Segment Open

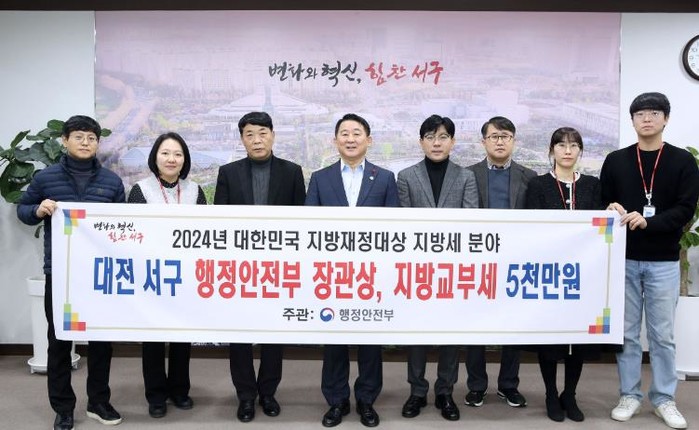 대전 서구는 2024년도 제17회 대한민국 지방재정대상 지방세 세입증대 분야에서 행정안전부 장관상을 수상하고 재정인센티브로 지방교부세 5천만 원을 확보했다고 8일 밝혔다.
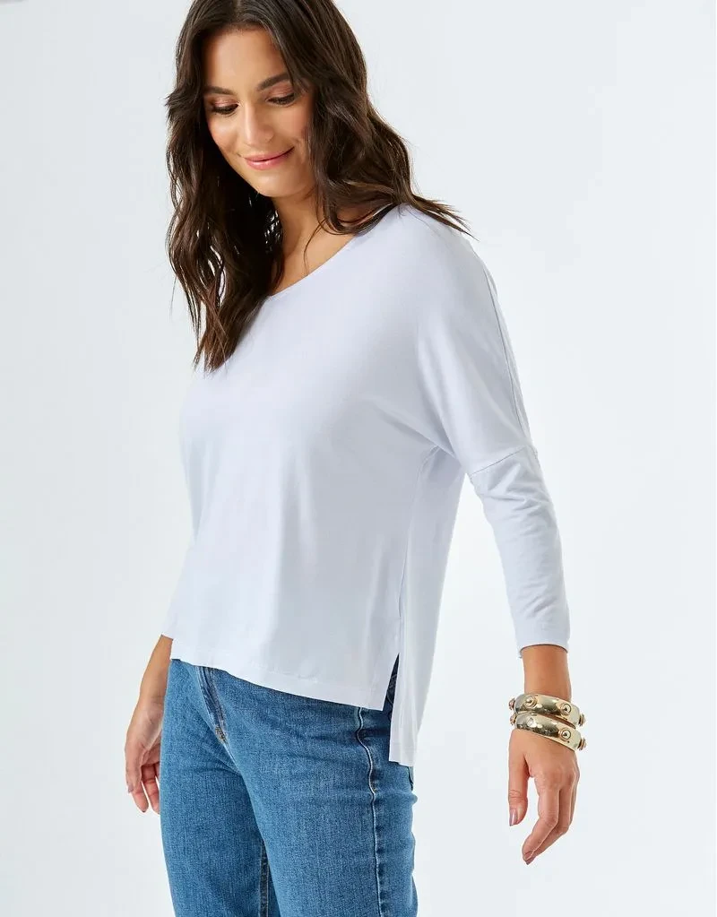Blusa confeccionada em malha crepe de viscose, shape solto, comprimento alongado, decote arredondando com detalhe em viés, mangas 7/8 e justas e possui fendas na lateral e detalhe pespontado. (modelo veste P)
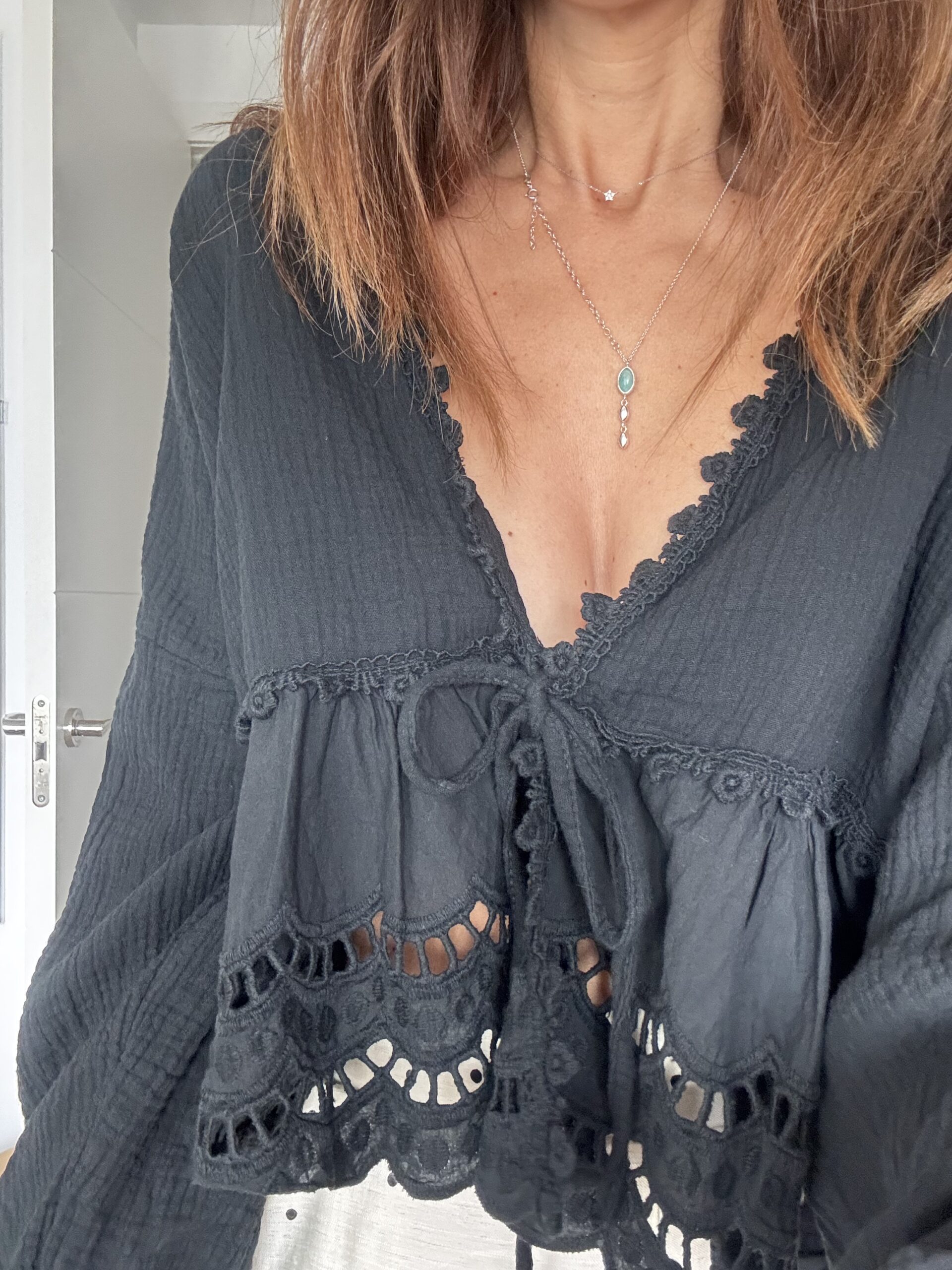 Blusa Boho Negra – 100% Algodón de Muselina con Encaje – Talla Única

Segment Closed

» Required work: Leave out all pictures and extract exactly the lines from the line with "Blusa confeccionada em" through the end of the material.

» Solution:
Blusa confeccionada em malha crepe de viscose, shape solto, comprimento alongado, decote arredondando com detalhe em viés, mangas 7/8 e justas e possui fendas na lateral e detalhe pespontado. (modelo veste P)
 Blusa Boho Negra – 100% Algodón de Muselina con Encaje – Talla Única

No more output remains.